AWS: Metadata to Administrator
The AWS playbook follows a parallel pattern:
- S3 bucket enumeration — derive bucket names from the target hostname, test for public listing and ACL misconfigurations
- IMDS exploitation — SSRF to the EC2 metadata service (
169.254.169.254) to extract temporary IAM credentials - IAM enumeration — map the caller’s identity, attached policies, and accessible services
- Permission simulation — test 22 high-value IAM actions (like
iam:CreatePolicyVersion,iam:AttachUserPolicy,iam:PassRole) via the IAM policy simulator — stealthier than brute-force enumeration - Privilege escalation — exploit dangerous IAM permissions to achieve AdministratorAccess or EC2 shell
Not Scripts — Knowledge
These playbooks are not hardcoded in Python. They are encoded as knowledge in Claude’s system prompt. Claude uses reasoning to decide when to follow the playbook and when to deviate. If the SSRF path is blocked, it adapts — tries Azure CLI directly, looks for exposed .env files, checks for default credentials. The system prompt says: “When HTTP is blocked, use Azure CLI tools.” The AI interprets this guidance in context.
Compound Learning: The Vault
Kraken’s second architectural layer is inspired by Andrej Karpathy’s concept of a “second brain” — a persistent, AI-curated knowledge base that compounds intelligence across every engagement.
After each scan, Kraken writes a raw record to the vault. Credentials are stripped. Techniques, tool sequences, and outcomes are preserved. Claude generates a 3-5 sentence synthesis of what worked, what failed, and why. The vault stores patterns, not secrets.

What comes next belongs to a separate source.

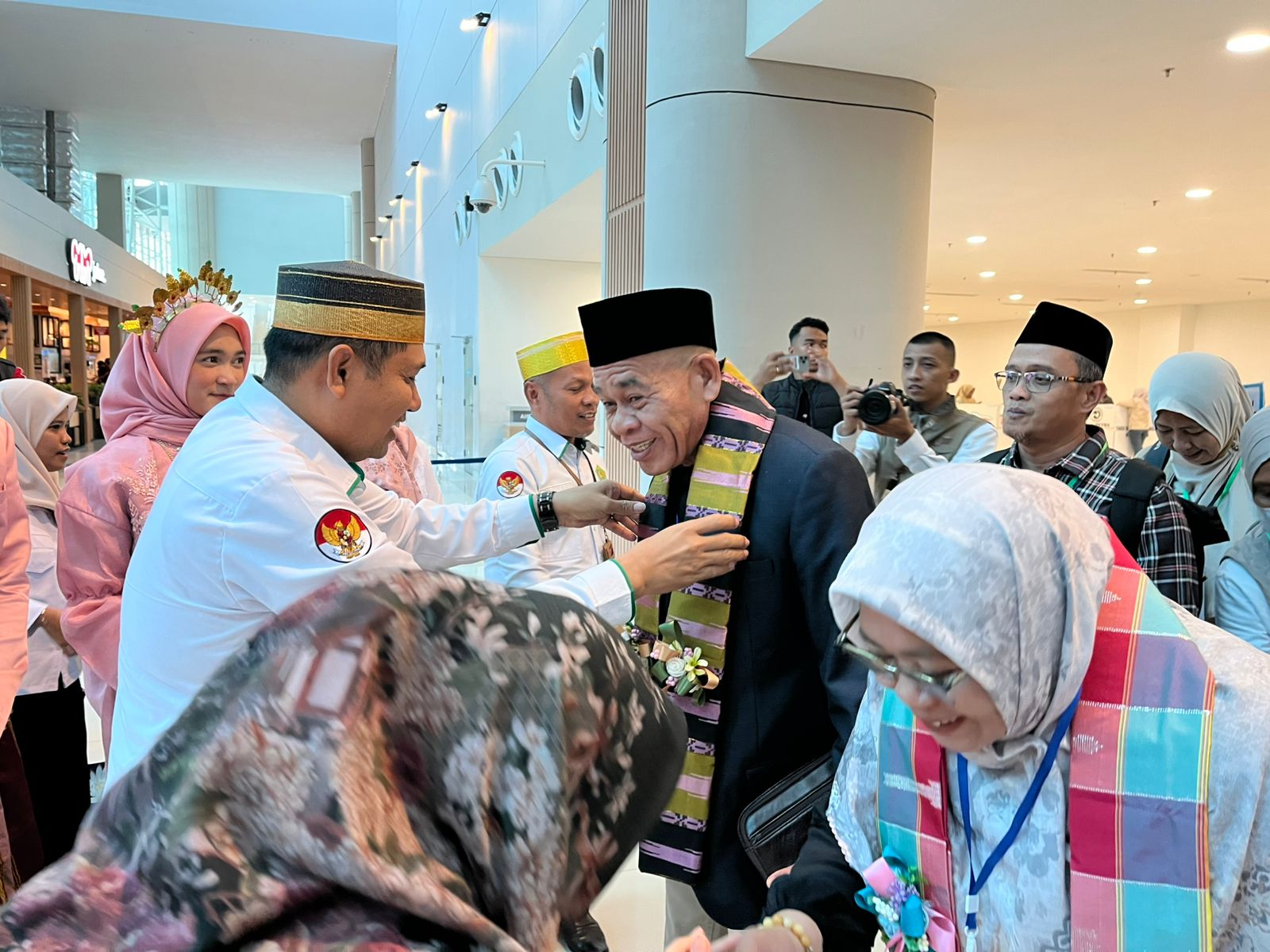 KONTINGEN Musabaqah Qira’atil Kutub Internasional (MQKI) Ke-1 asal Maluku Utara tiba dengan selamat di Bandara Internasional Sultan Hasanuddin Makassar, Selasa (30/9/2025). Suasana penyambutan berlangsung hangat dan penuh kesan sejak para peserta turun dari pesawat.

Every 10 scans, Claude rewrites the entire wiki from scratch — deduplicating patterns, removing contradictions, and weighting Level 3-4 results and frontier model scans more heavily. This is not appending logs. It is AI-curated knowledge synthesis.

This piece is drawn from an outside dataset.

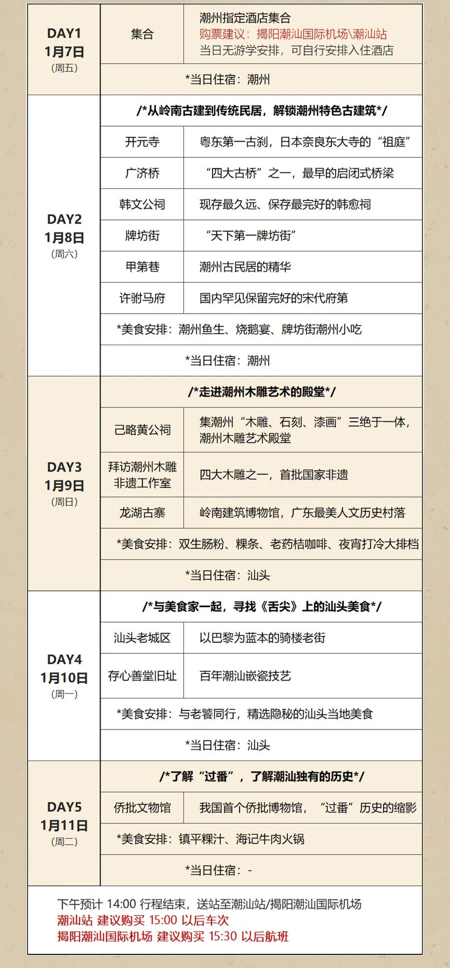 精选9处代表性岭南古建,涵盖古寺、宗祠、官邸、民居 4 种不同类型的建筑遗存;寻味10+处当地美食,包括正餐、间餐、宵夜、点心的地道推荐。一场真正的游、学、食、趣相结合的4日深度潮汕之旅。

Before each new scan, query_vault() retrieves relevant learnings filtered by cloud type and vulnerability tags, and injects them into Claude’s initial message. The agent starts each engagement knowing what worked last time against similar targets — and what didn’t.
The practical result: Kraken’s first scan against a new target class is good. Its tenth is meaningfully better. Its hundredth reflects accumulated intelligence from every prior engagement.
Cost-Aware by Design
AI-driven pentesting could be expensive. Kraken is engineered to keep costs practical.
The system prompt and tool declarations — identical on every iteration — are cached using Anthropic’s prompt cache API. On a 50-iteration scan, this eliminates 49 redundant re-reads, reducing input token cost by roughly 90%. Model routing sends cloud-specific targets (which need deeper reasoning) to Claude Opus and generic web scans to Claude Sonnet. A configurable per-scan cost cap automatically terminates scans that exceed budget.
What This Means for Your Security Program
Kraken is not replacing human pentesters. It is extending what a security team can do — running continuous, adaptive assessments at a fraction of the time and cost of a manual engagement.
For organizations running on Azure or AWS, the cloud-native attack chains represent a capability that does not exist in any other automated tool. No scanner chains a web SSRF into cloud tenant compromise. Kraken does, because that is what a real attacker would do.
The compound learning vault means the system improves with use. Every scan contributes to the next. Techniques that work are reinforced. Dead ends are catalogued and avoided. The tool gets smarter the more you use it.
This is the difference between an AI that reasons and an AI that learns. Kraken does both.
Kraken is built by ThreatMate. Authorized security testing only.